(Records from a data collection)
▼

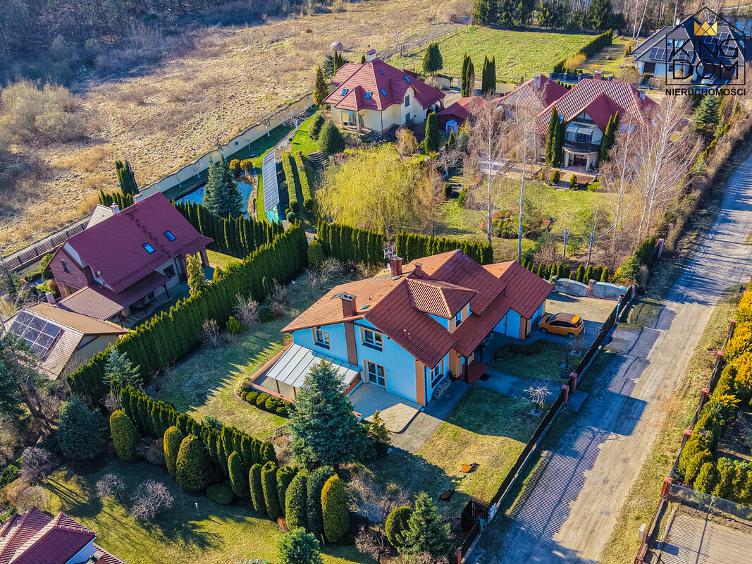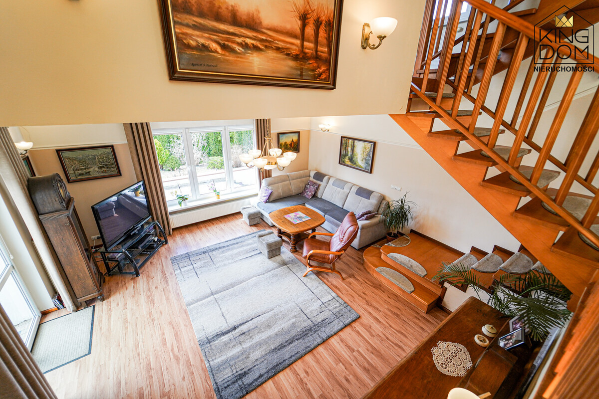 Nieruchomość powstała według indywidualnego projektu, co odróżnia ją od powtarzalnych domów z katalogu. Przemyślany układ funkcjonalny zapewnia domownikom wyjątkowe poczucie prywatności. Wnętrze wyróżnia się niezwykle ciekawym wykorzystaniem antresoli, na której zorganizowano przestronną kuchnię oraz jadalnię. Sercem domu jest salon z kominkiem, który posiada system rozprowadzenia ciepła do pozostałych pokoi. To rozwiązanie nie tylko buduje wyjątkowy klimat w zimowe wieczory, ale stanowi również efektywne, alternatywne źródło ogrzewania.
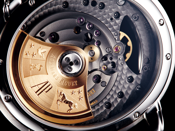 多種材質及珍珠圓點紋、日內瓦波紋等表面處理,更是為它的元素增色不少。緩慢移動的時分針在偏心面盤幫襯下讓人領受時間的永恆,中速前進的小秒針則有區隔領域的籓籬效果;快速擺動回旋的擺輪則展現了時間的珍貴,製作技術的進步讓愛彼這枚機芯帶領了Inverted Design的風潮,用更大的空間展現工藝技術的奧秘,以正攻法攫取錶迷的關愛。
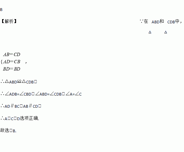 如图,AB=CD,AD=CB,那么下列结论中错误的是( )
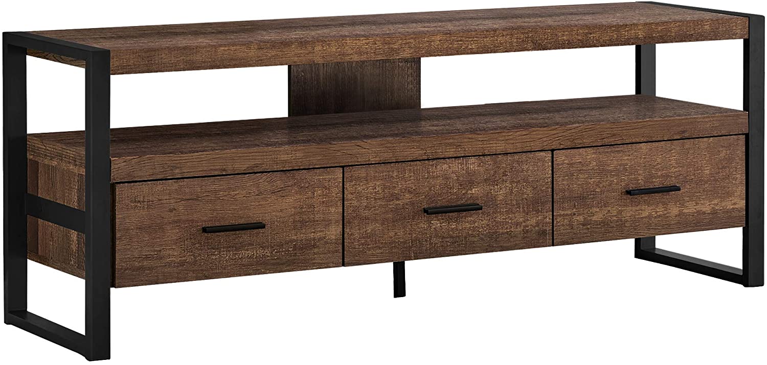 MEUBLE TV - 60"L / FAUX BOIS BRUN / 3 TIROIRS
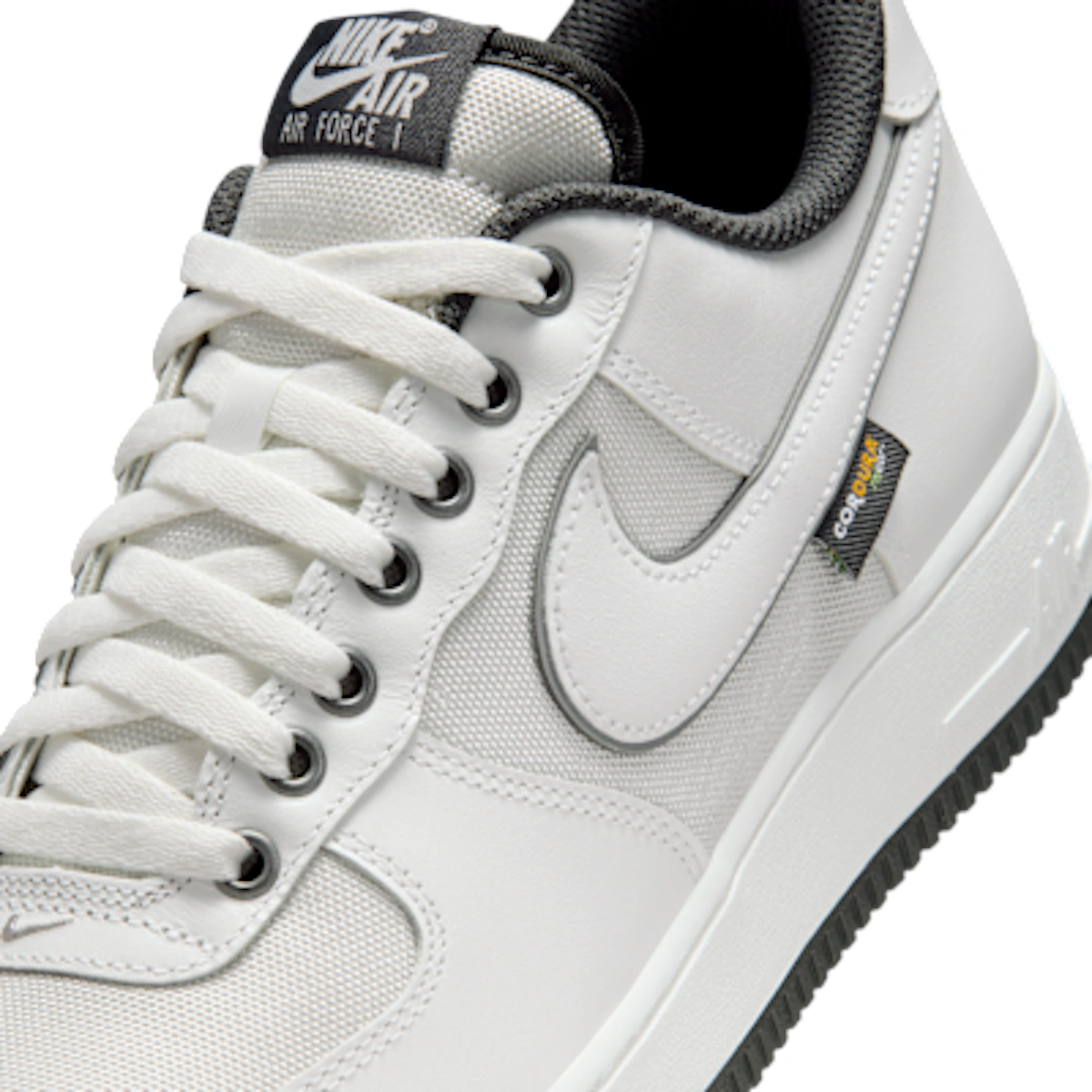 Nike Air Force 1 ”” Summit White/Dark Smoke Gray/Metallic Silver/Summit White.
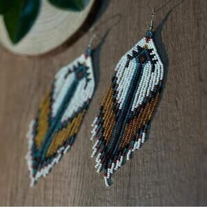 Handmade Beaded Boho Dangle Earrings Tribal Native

▲

EXERCISE – Your reply should hold only the records, duplicated exactly, without any image.

OUTPUT –
 Nieruchomość powstała według indywidualnego projektu, co odróżnia ją od powtarzalnych domów z katalogu. Przemyślany układ funkcjonalny zapewnia domownikom wyjątkowe poczucie prywatności. Wnętrze wyróżnia się niezwykle ciekawym wykorzystaniem antresoli, na której zorganizowano przestronną kuchnię oraz jadalnię. Sercem domu jest salon z kominkiem, który posiada system rozprowadzenia ciepła do pozostałych pokoi. To rozwiązanie nie tylko buduje wyjątkowy klimat w zimowe wieczory, ale stanowi również efektywne, alternatywne źródło ogrzewania.
 多種材質及珍珠圓點紋、日內瓦波紋等表面處理,更是為它的元素增色不少。緩慢移動的時分針在偏心面盤幫襯下讓人領受時間的永恆,中速前進的小秒針則有區隔領域的籓籬效果;快速擺動回旋的擺輪則展現了時間的珍貴,製作技術的進步讓愛彼這枚機芯帶領了Inverted Design的風潮,用更大的空間展現工藝技術的奧秘,以正攻法攫取錶迷的關愛。
 如图,AB=CD,AD=CB,那么下列结论中错误的是( )
 MEUBLE TV - 60"L / FAUX BOIS BRUN / 3 TIROIRS
 Nike Air Force 1 ”” Summit White/Dark Smoke Gray/Metallic Silver/Summit White.
 Handmade Beaded Boho Dangle Earrings Tribal Native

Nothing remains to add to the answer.